Я расскажу вам историю, которая хорошо описывает моего отца. Я встретил и полюбил девушку из Казахстана. Мы планировали вместе переехать туда и пожениться. Я жил в Китае, и мы оба преподавали в музыкальной школе в Урумчи, где мы познакомились. Она была на самом деле известным путешествующим музыкантом, по крайней мере, в мире традиционной казахской музыки. Я восхищался ее задолго до того, мы встретились. Это была мечта – иметь такую подругу!
До свадьбы, когда пришло время праздновать кыз узату, прощание девушки, мы всё еще жили в Китае. Мой отец стар, ему сейчас семьдесят, и у него плохое здоровье, так что в итоге он не смог приехать в Казахстан на свадьбу. Но он присутствовал на первой свадьбе, как мы ее называем, на прощании девушки, и в качестве подарка для моей будущей жены он принес две небольшие книги – Конституцию и Уголовный кодекс КНР. Теперь ты должна выучить законы Китая, сказал он ей. Ты замужем за гражданином Китая. Вы оба должны знать законы КНР и Казахстана. Видите ли, он был настолько уверен в верховенстве закона, в судебной системе Китая, но в конце концов он в полной мере испытал на себе истинную природу этой системы – и он точно понял ее.
До выхода на пенсию мой отец работал в Министерстве культуры. Он был образованным человеком, живущим в месте, где уровень грамотности был все еще низким, и китайская письменность, в частности, не была широко известна. Это было в Тачэне, который казахи называют Тарбагатай6. Выйдя на пенсию, он целыми днями помогал людям заполнять документы на китайском языке. В основном они писали жалобы. Он не был юристом, но очень хорошо знал законы, поэтому помогал людям подавать жалобы и петиции в местные органы власти. Вот каким он был человеком.
С нами он был строг, но любил нас. Образование было для него всё. После того, как я родился, он никогда не ночевал вне дома. Он был рядом со мной, пока я учился; то же самое – и с моими братьями. Он отправил нас троих в школу с преподаванием на китайском языке. Вы должны учиться, говорил он нам. Вы должны научиться каллиграфии. Он учил нас казахскому и китайскому письму.

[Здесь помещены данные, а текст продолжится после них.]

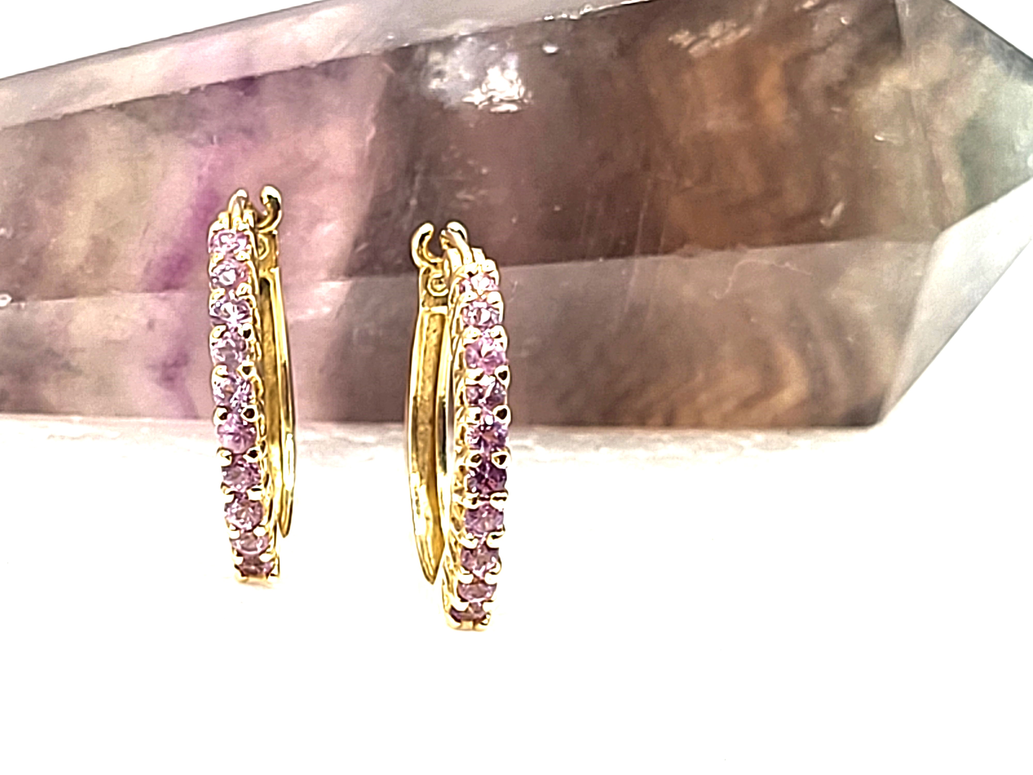 What a great pair of earrings for everyday wear! They are a modest size, at 3/4" diameter, yet sturdy, at 2mm wide and 2.38mm thick. These 14 karat yellow gold earrings have .85 carats total weight of round faceted, prong-set, genuine pink sapphires along the fronts. These earrings attach to the earlobe with hinged posts that lock in the back. Both earrings have a very solid "snap" upon closing! This is a brand new item with manufacturer’s approval to sale in a public auction. It is in excellent condition, but may have fine scratches from shipping or storage. 4.44g Admin: G11241/33iit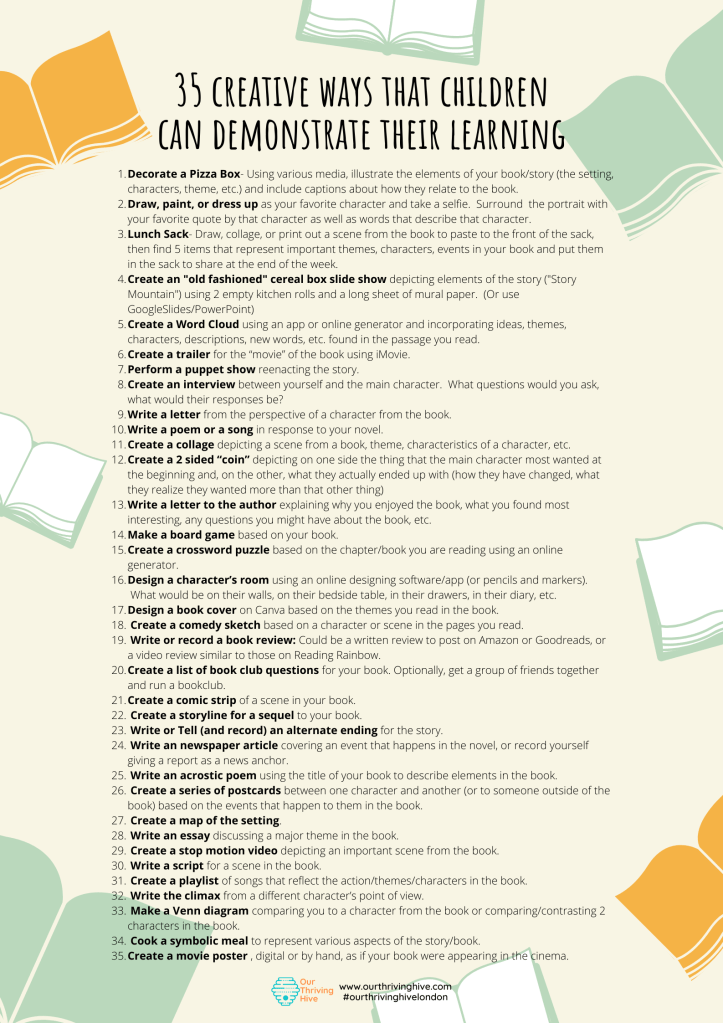 Note that many of the ways to demonstrate learning which involve writing can be adapted to include drawings, digital formats, or video/audio recordings for those children who would rather not show their learning in written form.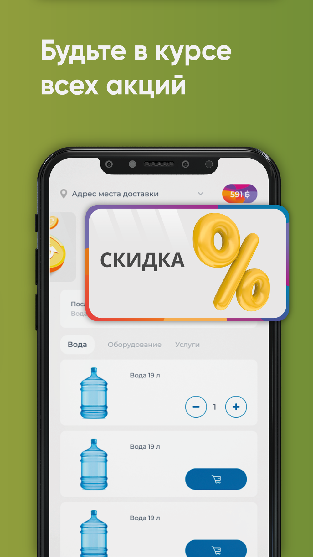 Скачайте бесплатное приложение на телефон и заказывайте чистую воду в удобное время!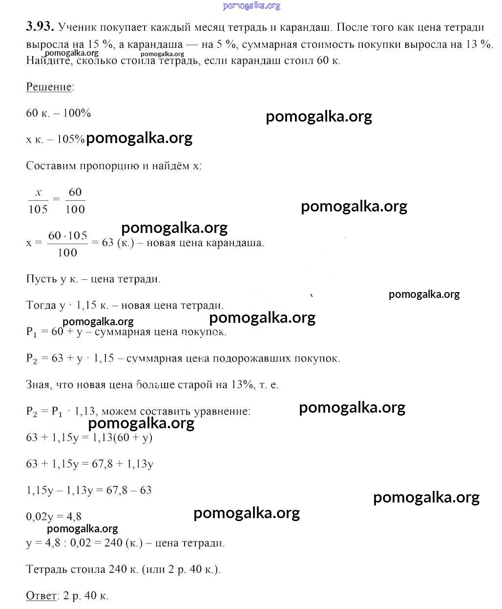 Готовые ответы - Алгебра 7 класс Арефьева И.Г. - глава 3 3.93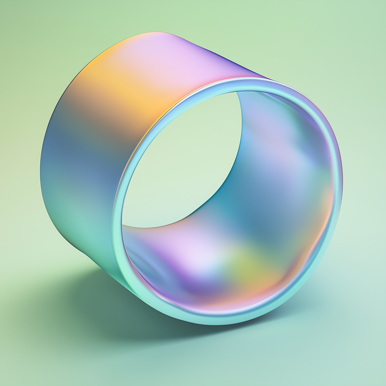 A 3D-rendered metallic torus with pastel gradients and an iridescent glow, set against a minimalistic light green background.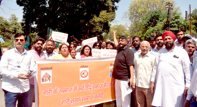 शारदा रिपोर्टर मेरठ। पार्लरों, जिम, लेडिज टेलर और अन्य जगहों पर महिलाओं की सुरक्षा सुनिश्चित करने एवं आवश्यक नियम लागू कराने की मांग को लेकर बुधवार को नारी सुरक्षा सम्मान कमेटी के सदस्यों ने कमिश्नरी चौराहे पर प्रदर्शन किया।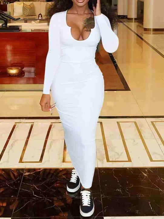 9.9清欧美辣妹时尚性感U领长袖连修身显瘦长款连衣裙,整款多色,数量300条...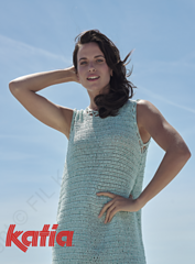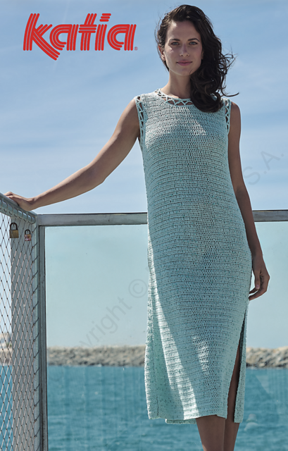 Fluid movement and understated light. This long, sleeveless crochet dress features a side slit for greater freedom of movement. Lace frames the neckline and armholes for feminine flair, while *Concept Universo* adds a subtle, elegant shimmer.

Он полностью посвятил себя воспитанию нас. Когда я впервые проявил интерес к музыке, он купил семье пианино. Если у него не было денег, он брал их взаймы. Мы никогда не слышали в доме ни слова о деньгах. Мы всегда были обеспечены. Когда я подрос, отец купил мне музыкальное студийное оборудование – ничего особенного или роскошного, но все равно это были расходы. Мы не были богаты. Каким-то образом ему удалось раздобыть деньги.
Я ушел из дома, когда мне было девятнадцать лет, и дрейфовал, как это делают музыканты: Урумчи, Пекин, Шанхай. В 2014 году я познакомился со своей женой, и мы приехали в Казахстан в поисках работы. Мой отец никогда никуда не ездил, но когда я сказал ему, что мы переезжаем, он не возражал. Ты знаешь свой разум, сказал он мне. Это твоя жизнь. Как я уже сказал, он не присутствовал на моей свадьбе, но когда родился мой ребенок в 2016 году, он приехал, хотя у него уже было плохое здоровье. У него не было зубов, а ноги были сломаны повсюду. Он страдал циррозом печени, болезнью сердца, артритом. Он едва мог ходить. Даже сейчас я не знаю о его чувствах. Хотели ли они переехать в Казахстан? Остаться в Китае? Должен ли я был это предложить? Я знаю, что они боялись. Если они умрут в Казахстане, смогут ли их родственники приехать на похороны? Я сожалею, что никогда не спрашивал отца, хочет ли он переехать сюда, но люди в нашем городе не привыкли открыто говорить о Казахстане. Это считается чуть ли не изменой в Китае – обсуждать это, говорить об отъезде. Я разговаривал только с моими двумя братьями. Я убедил их приехать сюда. Что касается моей старшей сестры, она замужем за партийным чиновником. Ее муж не хочет переезжать.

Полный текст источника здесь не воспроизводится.